● The task:
Within the records, which lines hold the string "Malmö"? Report each one by copying it.

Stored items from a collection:
#####
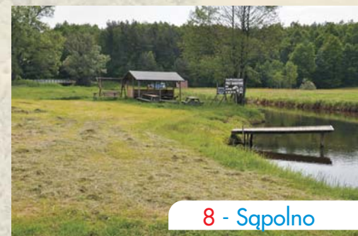
8 - Sapolno
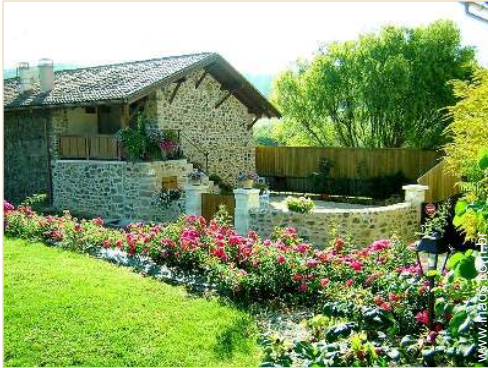
Casa de Encanto
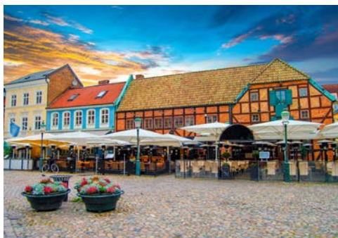
Entdecken Sie Malmö

Polizeipräsidium sehen. Danach besuchen Sie das Ystad Studios Visitor Center (Filmstudio) und erhalten einen Blick hinter die Kulissen der Wallander-Filme. Anschließend Weiterfahrt nach Lund, wo Sie eine Stadtführung erleben. Lund ist eine weltbekannte Universitätsstadt seit 1666 und hat eine sehr schöne Domkirche. Von hier ist es nicht mehr weit bis nach Malmö. Übernachtung im Quality Hotel the Mill o. ä. Ca. 250 km (F)
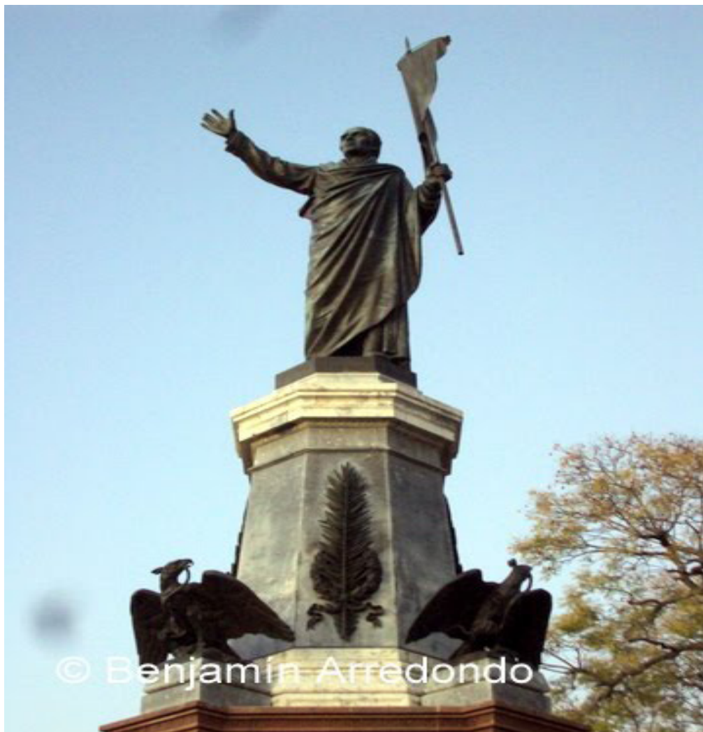
Monumento a Hidalgo en Pénjamo, Gto.
#####
● Solution for this exercise:
Entdecken Sie Malmö
Polizeipräsidium sehen. Danach besuchen Sie das Ystad Studios Visitor Center (Filmstudio) und erhalten einen Blick hinter die Kulissen der Wallander-Filme. Anschließend Weiterfahrt nach Lund, wo Sie eine Stadtführung erleben. Lund ist eine weltbekannte Universitätsstadt seit 1666 und hat eine sehr schöne Domkirche. Von hier ist es nicht mehr weit bis nach Malmö. Übernachtung im Quality Hotel the Mill o. ä. Ca. 250 km (F)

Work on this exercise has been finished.